Really? Does it really do that? I don’t feel alienated by the slogan, and yet I share equally in the domestic duties. Does the slogan hurt anyone? Does a woman who is otherwise predisposed to a career in accounting, or lawyering, or philanthropy, say to herself, “You know, I would do that, but I’m going to choose to cripple my family financially by opting for the most important job in the world’ instead, because that slogan told me so?

No. Because here’s the thing: Being a mother does not become any less of an occupation if a woman decides to also pursue a career. If we really want to shatter those “heteronormative” stereotypes, then we stop ascribing the responsibility for “providing” for the family to the father. In today’s society, “providing” for one’s children is just as much the mother’s responsibility, and that responsibility makes up a large portion of the parenting profession. It therefore follows that “working” also falls under the job duties of a mother, where necessary.

The important thing here is not whether the mother (or father) is working or being a stay-at-home parent, or some combination of the two: The important thing is that the needs of the child or children are being met. Sometimes, where the financial and emotional resources are available, that means staying at home. Sometimes that means making the difficult decision to join the workforce for either financial or emotional reasons, both of which will flow down to your children. A happy parent makes for a happy child, unless the happy parent is happy because he or she is drunk, in which case: Good for them. Save me a drink.

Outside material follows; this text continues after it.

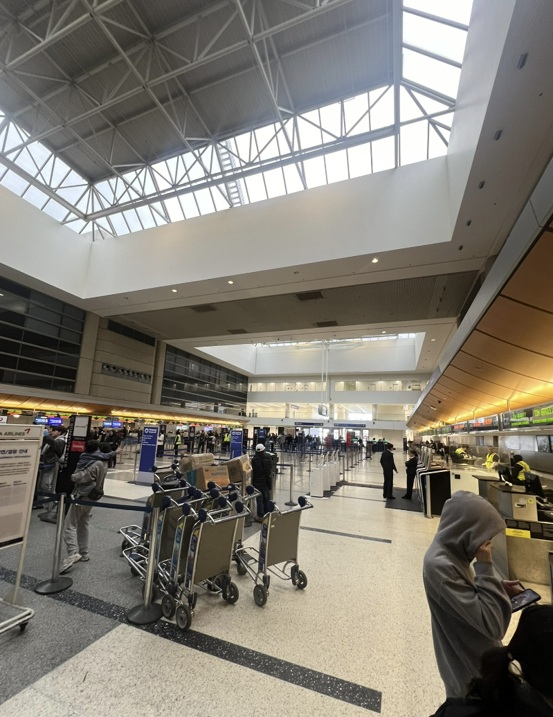버스를 국내선을 잘 못 내려버렸다. 국제공항은 첫번쨰 드롭포인트가 아닌 조금 더 들어가야 한다(주의). 국제공항 자체는 생각보다 많이 작고. 차량들로 복잡했다. 그리고 사람들도 엄청 붐볐고. 아쉬웠던 건 아시아나 체크인 떄 기계로 체크인을 할수는 있지만, 수화물 Drop을 할 수 있는 장소가 없어서 어차피 줄을 길게 서야했다. 이 포인트가 많이 아쉬웠다.

The point I’m making is that the slogan is no more true or less true than a slogan that might suggest that “The cable guy is the most important job in the world,” or “being a teacher is the most important job in the world.” For a parent, the most important job in the world is ensuring the well being of both themselves and their children. The author of this article, however, is not advocating the eradication of the slogan for the benefit of fathers and gay men; she’s advocating it in order to discount the efforts of stay-at-home moms, by unfairly comparing their jobs to that of a Bangladeshi worker who puts in 16 hours at a factory or a surgeon who saves lives.

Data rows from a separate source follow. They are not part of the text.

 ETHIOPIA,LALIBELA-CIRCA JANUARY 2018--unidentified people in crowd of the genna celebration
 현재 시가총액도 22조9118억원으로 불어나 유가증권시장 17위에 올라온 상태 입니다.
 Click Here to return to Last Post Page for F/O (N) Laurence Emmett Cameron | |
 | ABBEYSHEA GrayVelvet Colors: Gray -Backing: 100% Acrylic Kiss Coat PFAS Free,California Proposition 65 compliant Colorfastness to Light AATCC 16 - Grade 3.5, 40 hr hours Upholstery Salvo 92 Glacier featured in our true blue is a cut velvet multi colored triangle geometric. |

That’s a sh*tty thing to do, not because it’s untrue, necessarily, but because it needlessly discounts the efforts of stay at home mothers because of some perceived slight she thinks that fathers, or surgeons, or minimum-wage workers in some third-world country may feel if some women take solace in a slogan that suggests what they do is just as important as another job.

It’s a divisive piece, where there’s no need to be divisive. Mothers are mothers, whether they stay home or they go to work, and mothers are parents, just like fathers are parents, and we’re all in this goddamn parenting thing together, and none of us have slept, so why in God’s name do writers and “parenting pundits” keep trying to insist on sh*tting on the roles that others choose to take, instead of focusing on their own goddamn homes or celebrating whatever choice that others want to make?

In other words: Stop feeding into the divisiveness, mind your own business, and enjoy a nice big mug of shut the f**k up.